I don’t really understand how a measure of the lack of outliers in a linear regression of OBP vs. the lack of outliers in a linear regression of AVG is showing that OBP is more important for scoring runs. It shows that there is a lot less variation in the statistical set, and the linear fit is a better model for predicting future results. (I.E, you know that if your team OBP for 2011 is .325 you can be confident you’re going to score ~700 runs, but if your team average is .250 you’re going to score somewhere between 600 and 675 runs) Showing that there is a stronger correlation isn’t demonstrating that OBP has more value in scoring runs than AVG, it’s just showing that there is less statistical variance.

The characteristic of the linear fit which demonstrates the value of one statistic compared to another is the slope of the line. The extremely high slope of the OBP fit shows that a small amount of change in OBP results in a larger change in runs than a similar amount of change in AVG or SLG.
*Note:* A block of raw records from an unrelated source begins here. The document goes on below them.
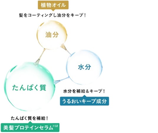 ※1 自社シリーズ比較 ※2 一部取り扱いのない店舗もございます ※3 予告なく取り扱いを終了する可能性があります ※4 一般的に美しいといわれる毛髪内部の比率構成 ※5 ダイヤモンド末、加水分解シルク、イソステアロイル加水分解シルク[全商品共通]、塩化ヒドロキシプロピルトリモ二ウムデンプン[トリートメント、ヘアオイルのみ](全て保湿成分) ※6 ジラウロイルグルタミン酸リシンNa(毛髪補修成分) ※7 ポリクオタ二ウム-92(毛髪補修成分) ※8 ラウロイルグルタミン酸ジ(フィトステリル/オクチルドデシル)[シャンプー、トリートメント、ヘアミルクのみ](毛髪補修成分) ※9 ダイヤモンド末(保湿成分) ※10 加水分解シルク、イソステアロイル加水分解シルク[全商品共通]、塩化ヒドロキシプロピルトリモ二ウムデンプン[トリートメント、ヘアオイルのみ](全て保湿成分) ※11 シャンプー:マイナスにイオン化した成分(加水分解ヒアルロン酸)を配合、トリートメント:プラスにイオン化した成分(ポリクオタ二ウム-64)を配合 ※12 アルギニン、アスパラギン酸、グリシン、アラニン、セリン、バリン、イソロイシン、トレオニン、プロリン、ヒスチジン、フェニルアラニン(ここまで全て保湿成分)、加水分解エンドウタンパク、加水分解ローヤルゼリータンパク、加水分解コメタンパク、加水分解ダイズタンパク(ここまで全て毛髪補修成分)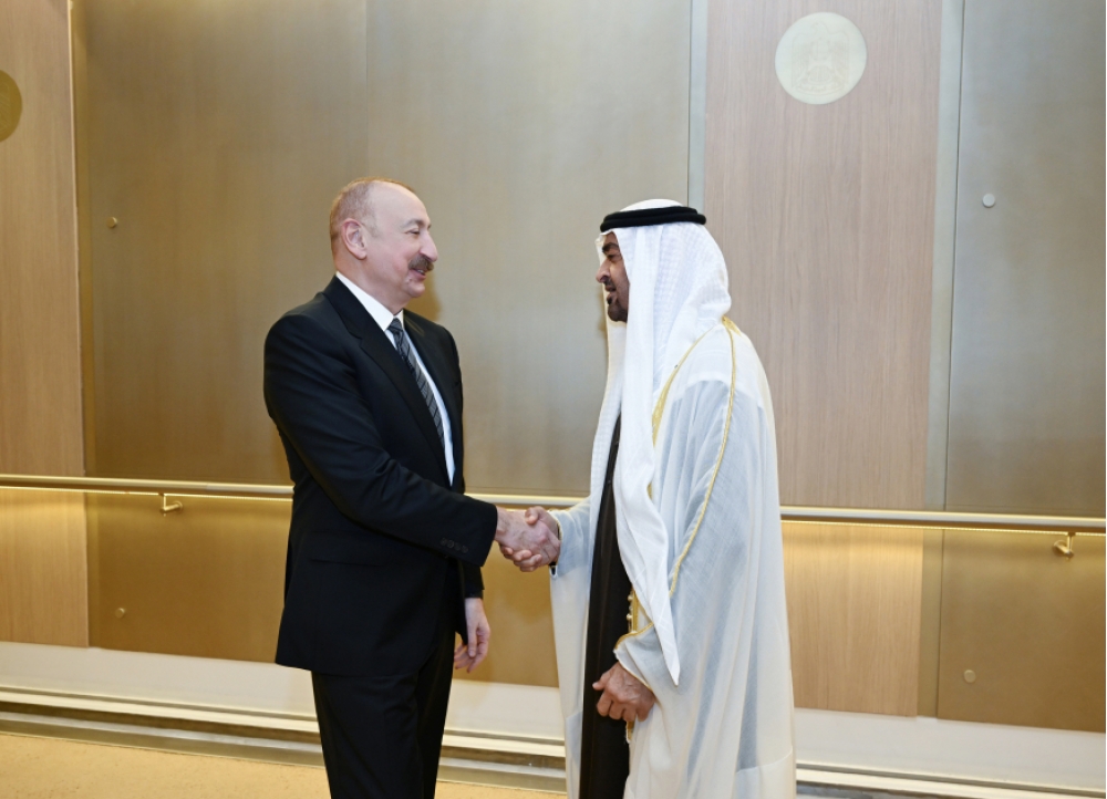 Prezident İlham Əliyevi Birləşmiş Ərəb Əmirliklərinin Prezidenti Şeyx Məhəmməd bin Zayed Al Nəhyan qarşıladı.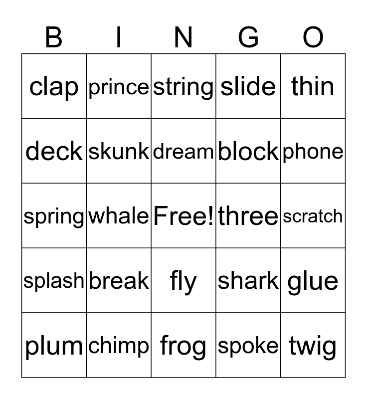 This bingo card has a free space and 24 words: break, chimp, dream, plum, thin, clap, deck, prince, three, fly, block, spring, shark, glue, skunk, spoke, scratch, string, phone, whale, twig, splash, slide and frog.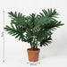 Deze kunstplant Philodendron Selloum van 70 cm is een degelijke middenmaat die door zijn brede, diep ingesneden bladeren direct een volle indruk maakt. De kunstplant is ideaal voor op een bijzetttafel of een donkere ruimte waar een echte kunstplant vaak te weinig licht krijgt. Ook voor in de woonkamer is dit een prachtige kunstplant. Je hoeft nooit bladeren te sproeien of dode punten weg te knippen, want deze variant behoudt zonder enige moeite zijn frisse, groene uitstraling.

I’d be curious to see what this analysis would look like over a much larger set of data. It seems to follow the mentality that a 1 point increase in OBP is worth 3 points of SLG.

10. Wow, Matt. Now that’s a comment.

I agree that using a linear regression doesn’t provide the depth of insight of which you speak. My goal here wasn’t to predict future results (which would be nice) but more of a primer demonstrating the relative strengths of each rate.

Showing a strong correlation (in a tiny one year sample) between OPS and runs scored might cause someone still getting a handle on this flurry of new numbers to pause and consider alternatives to tried and true batting average .

I feel as though showing the respective correlations between each of the well-known slash numbers serves as a better foundation to move into more predictive advanced numbers in the future.

Comments like yours are amazing and push us all to keep doing better. Thanks for your feedback and thanks for reading.

11. Apologies. I got a little bit ahead of myself with where you were going with the post.

Indeed OPS is a more accurate way of comparing team runs, and by extension, a more accurate way of comparing a player’s run contribution to other players.

I was getting ahead of myself with a comparison of the value of the different statistics on a point by point basis.

12. No need to apologize, your position is important and valued. Keep it up!